The full interview with Pocatello veteran Stacey Barker

11 Nov

Stacey Barker was deployed to Kirkuk, Iraq in 2004 at 22 years old. His experiences were intense, to say the least.

Editor’s Note: In the November issue of TBA, we ran a story titled “Remembering All Vets this Veteran’s Day,” about young veterans in America. Reporter Erin Gray talked to Stacey Barker, a Pocatello veteran of the Iraq war. While we didn’t have room in the paper for the whole interview, we wanted to share it with you on this Veteran’s Day.

by Erin Gray

Stacey Barker could be Thor’s body double. He’s a powerful man who says little and takes care of business. Upon meeting him during a hurling practice at Bartz field during the summer of 2011 I took notice. Dark glasses, Star Wars tattoos, thickly muscled calves, and a thick manly beard make Stacey a formidable countenance. He didn’t say anything to anyone for almost a month, but when he finally did he kept it short and sweet.

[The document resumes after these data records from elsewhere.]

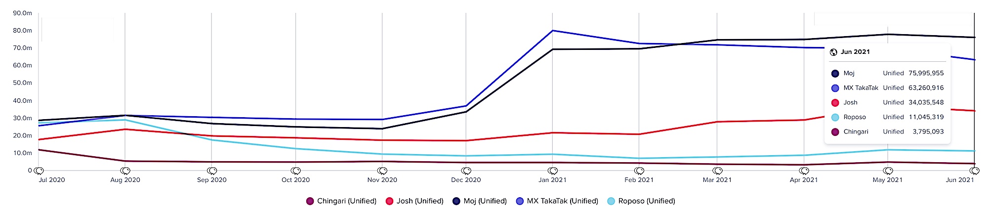 Moj, on the other hand, competes with a handful of players, including Times Internet’s MX TakaTak, as well as Glance’s Roposo and DailyHunt’s Josh — both of which received funding from Google late last year. The search giant was also in talks to invest in ShareChat late last year, TechCrunch reported earlier.
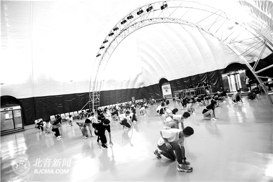 今年6月,在学院的气膜馆里,我们进行了第一次群体排练,每天早上8:30开始到晚上9:00结束,身体的疲惫令人倒床就睡,中午吃饭都会打瞌睡。天很热,热得风都吹着热气,室内更是闷得像在温水煮青蛙,每天从寝室到排练厅,短短的距离都要带上冰袖擦上防晒,偶然被太阳晒到的皮肤都会火辣辣的烫。
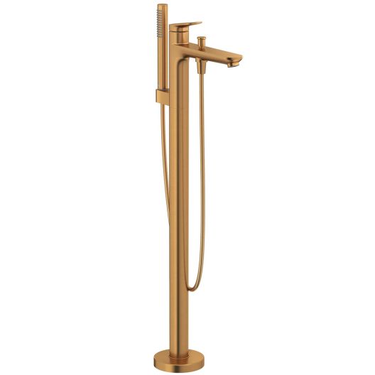 ديورافيت ويف، خلاط حوض الاستحمام القائم بذاته للحمام بلمسة البرونز، تم تصميمه من قبل ديورافيت. يشمل محول الماء، دش يدوي بشكل عصا، خرطوم الدش، الجزء المخفي في الأرض، ومجموعة التثبيت. التركيب الاحترافي الاختياري متاح أيضًا.
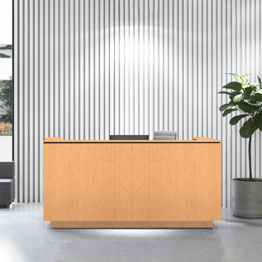 Selling price From 1,589.00 CHFVAT included plus VATICE reception desk3214 x 1022 mm, amber oakapprox. 8-10 weeks -
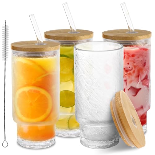 LOPYXBR 4 Pack 11oz Glass Cups with Lids and Straws, 320ml Glass Tumbler with Straw and Lid, Iced Coffee Cup Glasses with Cleaning Brush, Ice Coffee Glasses for Juice, Soda Water, Cocktail, Whiskey

After a few months and a few beers he started to open up. He’s a veteran of the most recent ongoing war with Iraq and an emerging local artist. Despite my initial impression, Stacey Barker is a kind and generous man who makes few assumptions and demonstrates an almost boundless capacity for generosity, friendship, and grit.

When Kit Taylor, Pocatello’s Hurling Coach, broke Stacey’s rib during a casual practice, Stacey didn’t even lose his feet. After one soft grunt, he took a brief knee, stood on his own, deflected a torrent of sympathy and drove himself to the emergency room after saying, “It’s alright. It doesn’t even really hurt.” Rumor has it that Stacey eschewed pain killers, so if you get the chance to meet him you better step lightly. Stacey Barker is a man among boys. Check out his interview if you don’t believe me.

Erin Gray: Thanks for coming Stacy Barker. The whole point of talking to you is that you are a young veteran
and it’s not easy to find a young veteran’s voice. So, what war did you serve in?

Stacey Barker: The Iraq Conflict or Operation Iraqui Freedom, I guess.

EG: What did you do while you were serving?

SB: I served in the National Guard, basically, the army.

EG: When were you deployed?

SB: 2004. I was 22 years old. While I was over there, I sweeped a lot of floors, mopped a few as well. We watched a few radio towers, went on some convoys, guarded military personal working on the base. They’d have Iraqi’s come and work on the base and we’d watch them work, make sure they didn’t do anything. The first time, right when I got there actually, I was on the gate searching people for weapons and searching cars for bombs and shit.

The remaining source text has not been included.